**WORK INSTRUCTION**
Output only the lines below from the one holding "A Agência Nacional" down to the one holding "Mold Maintenance And", both end lines included and every picture dropped.

BEGIN DATA FOR THIS TASK

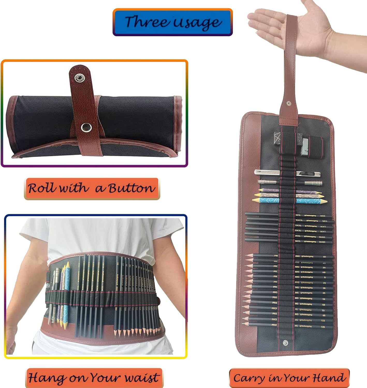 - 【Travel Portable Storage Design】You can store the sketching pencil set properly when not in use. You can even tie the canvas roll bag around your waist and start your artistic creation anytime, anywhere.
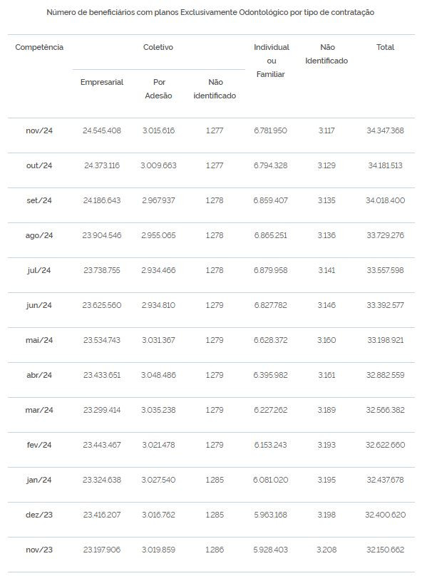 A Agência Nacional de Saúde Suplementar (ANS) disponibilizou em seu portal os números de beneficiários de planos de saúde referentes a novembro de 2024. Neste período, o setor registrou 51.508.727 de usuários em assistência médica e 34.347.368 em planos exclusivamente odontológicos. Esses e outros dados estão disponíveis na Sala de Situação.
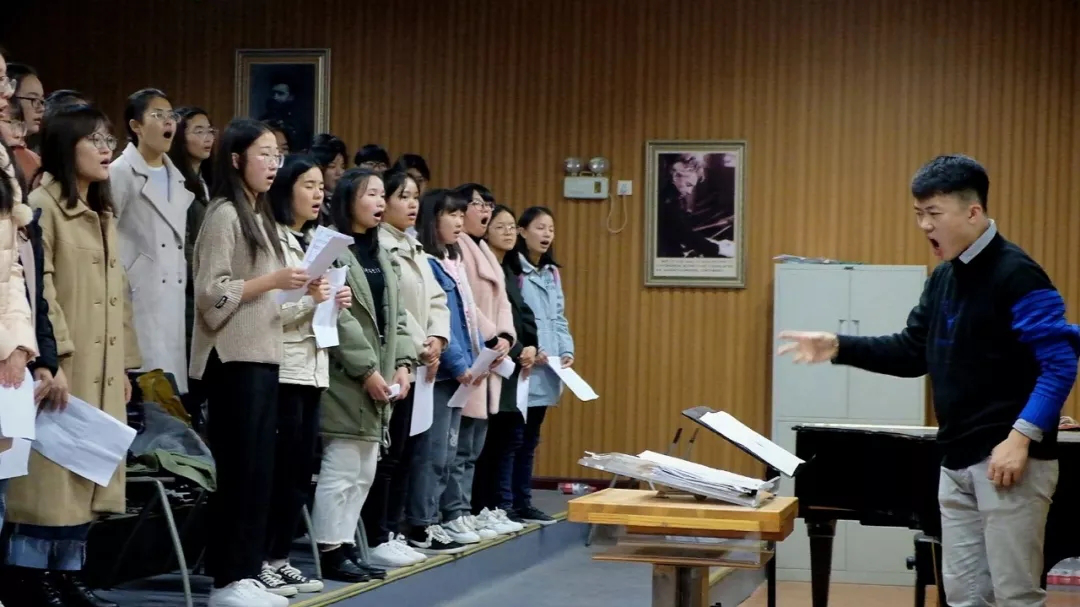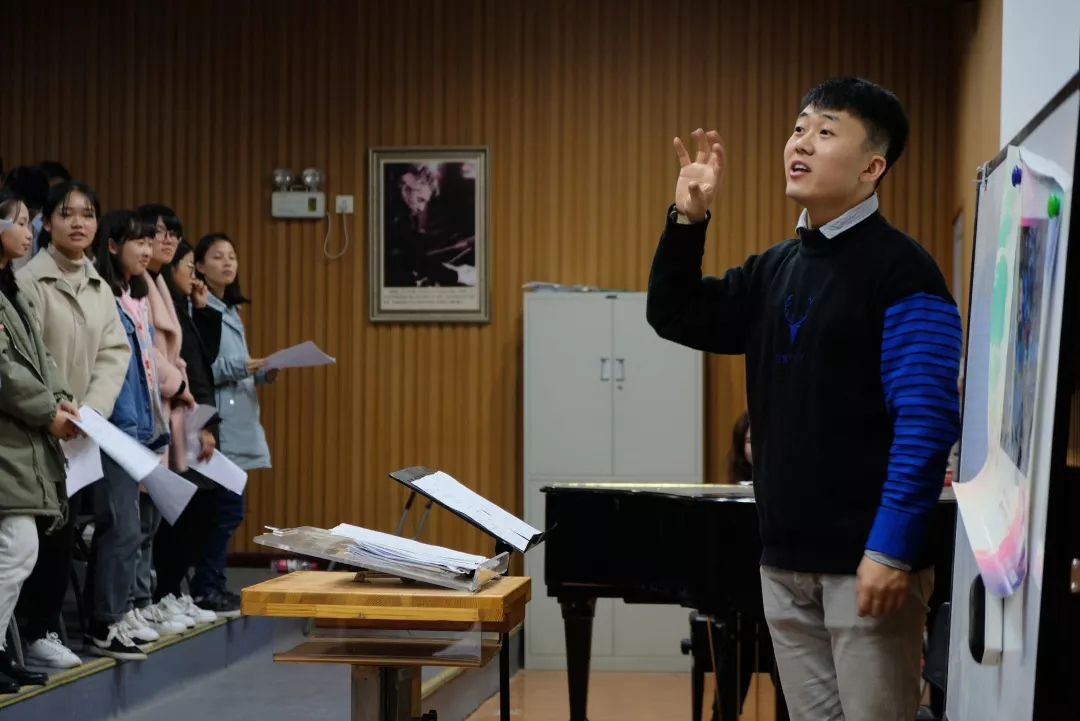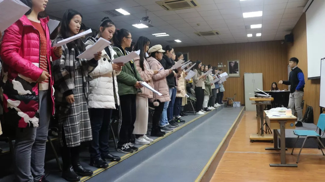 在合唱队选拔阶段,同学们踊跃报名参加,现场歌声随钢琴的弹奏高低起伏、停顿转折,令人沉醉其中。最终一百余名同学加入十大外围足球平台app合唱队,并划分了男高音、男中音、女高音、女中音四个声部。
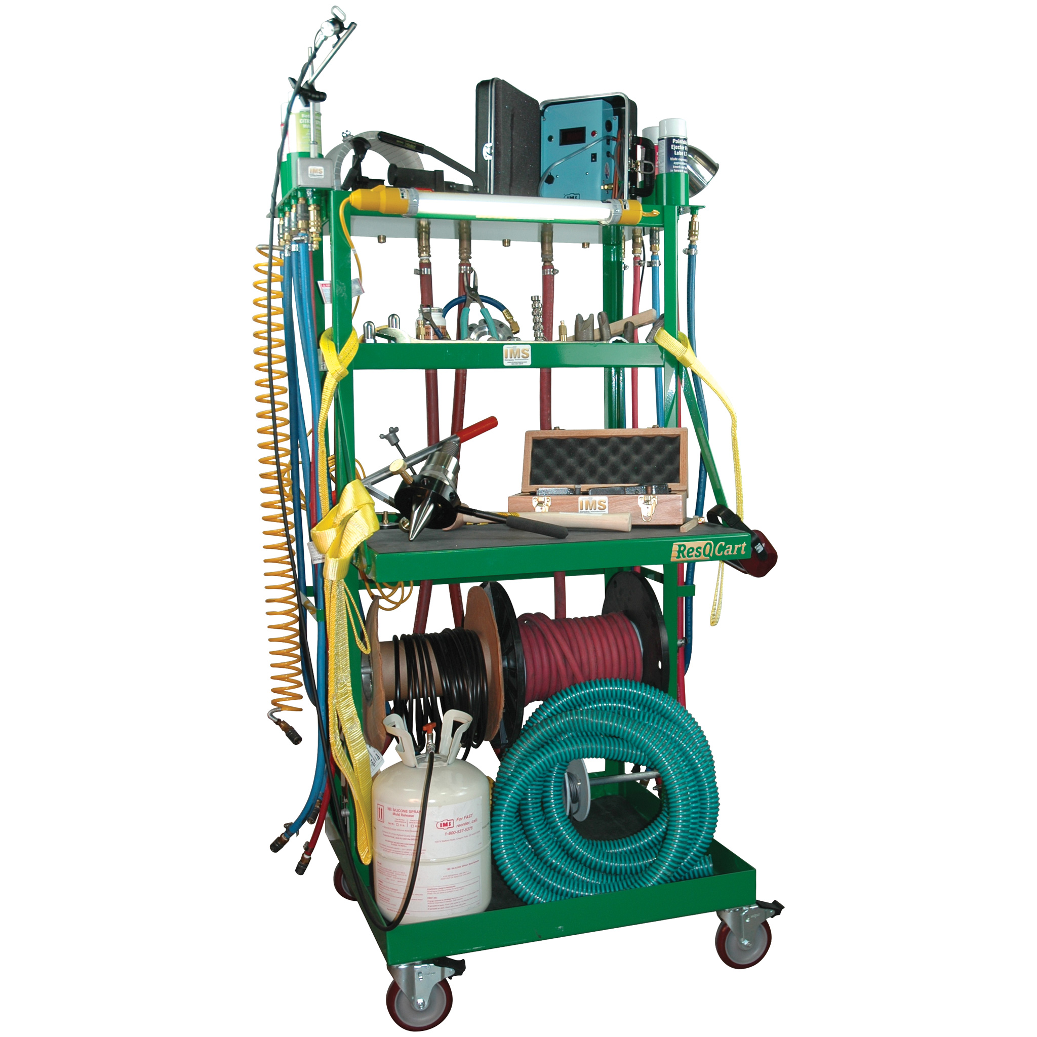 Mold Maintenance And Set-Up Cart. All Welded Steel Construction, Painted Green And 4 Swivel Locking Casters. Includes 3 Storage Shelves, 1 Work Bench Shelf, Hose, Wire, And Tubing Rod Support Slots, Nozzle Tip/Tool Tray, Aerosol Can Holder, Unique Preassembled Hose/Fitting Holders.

END DATA FOR THIS TASK
BEGIN DATA FOR THIS TASK

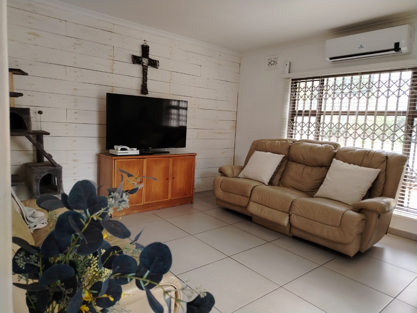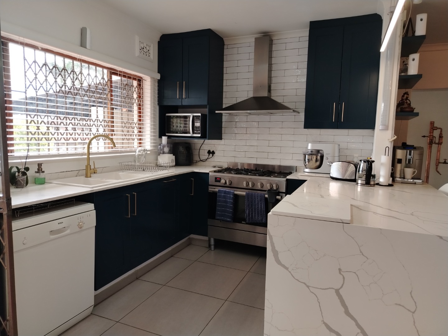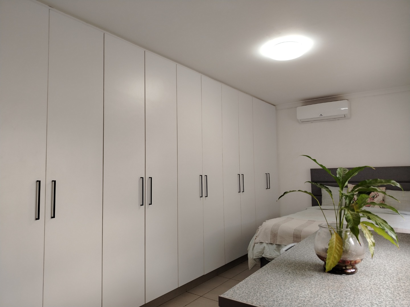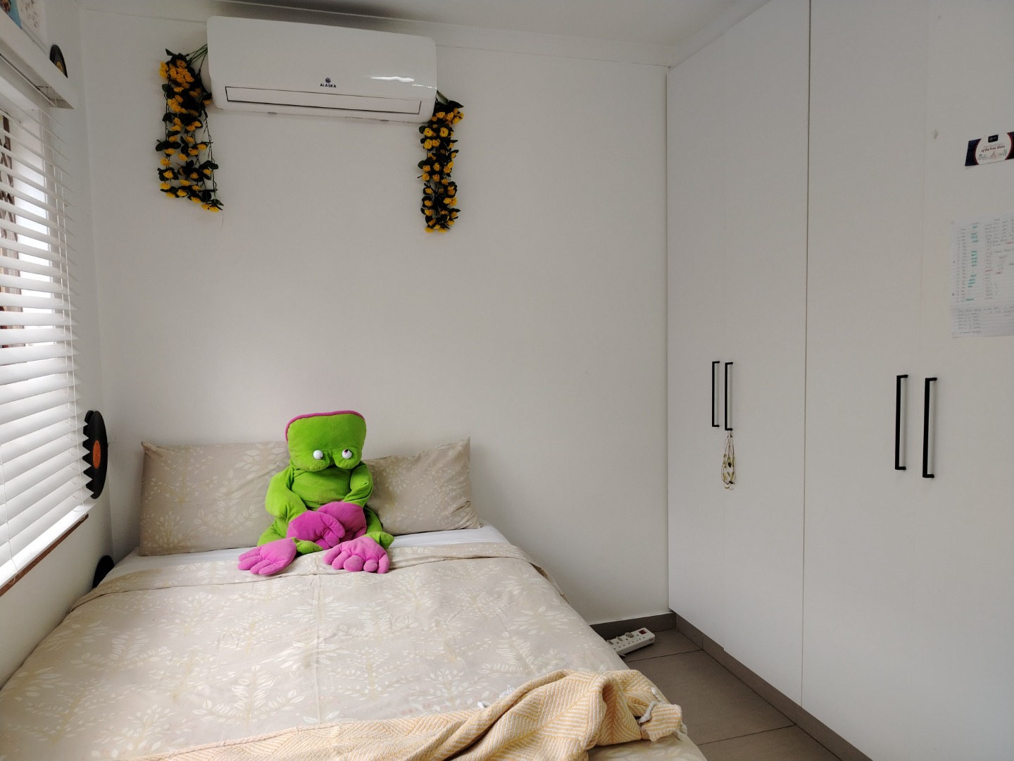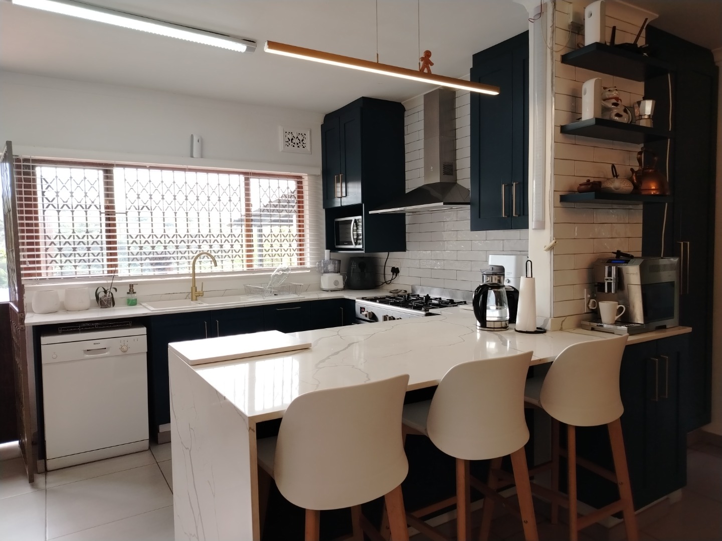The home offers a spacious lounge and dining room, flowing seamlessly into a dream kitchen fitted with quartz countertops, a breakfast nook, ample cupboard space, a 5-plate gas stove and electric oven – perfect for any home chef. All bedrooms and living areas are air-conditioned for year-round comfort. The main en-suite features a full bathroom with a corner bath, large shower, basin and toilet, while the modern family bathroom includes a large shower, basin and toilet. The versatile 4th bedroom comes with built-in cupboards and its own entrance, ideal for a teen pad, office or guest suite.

END DATA FOR THIS TASK

**REPLY**
 A Agência Nacional de Saúde Suplementar (ANS) disponibilizou em seu portal os números de beneficiários de planos de saúde referentes a novembro de 2024. Neste período, o setor registrou 51.508.727 de usuários em assistência médica e 34.347.368 em planos exclusivamente odontológicos. Esses e outros dados estão disponíveis na Sala de Situação.
 在合唱队选拔阶段,同学们踊跃报名参加,现场歌声随钢琴的弹奏高低起伏、停顿转折,令人沉醉其中。最终一百余名同学加入十大外围足球平台app合唱队,并划分了男高音、男中音、女高音、女中音四个声部。
 Mold Maintenance And Set-Up Cart. All Welded Steel Construction, Painted Green And 4 Swivel Locking Casters. Includes 3 Storage Shelves, 1 Work Bench Shelf, Hose, Wire, And Tubing Rod Support Slots, Nozzle Tip/Tool Tray, Aerosol Can Holder, Unique Preassembled Hose/Fitting Holders.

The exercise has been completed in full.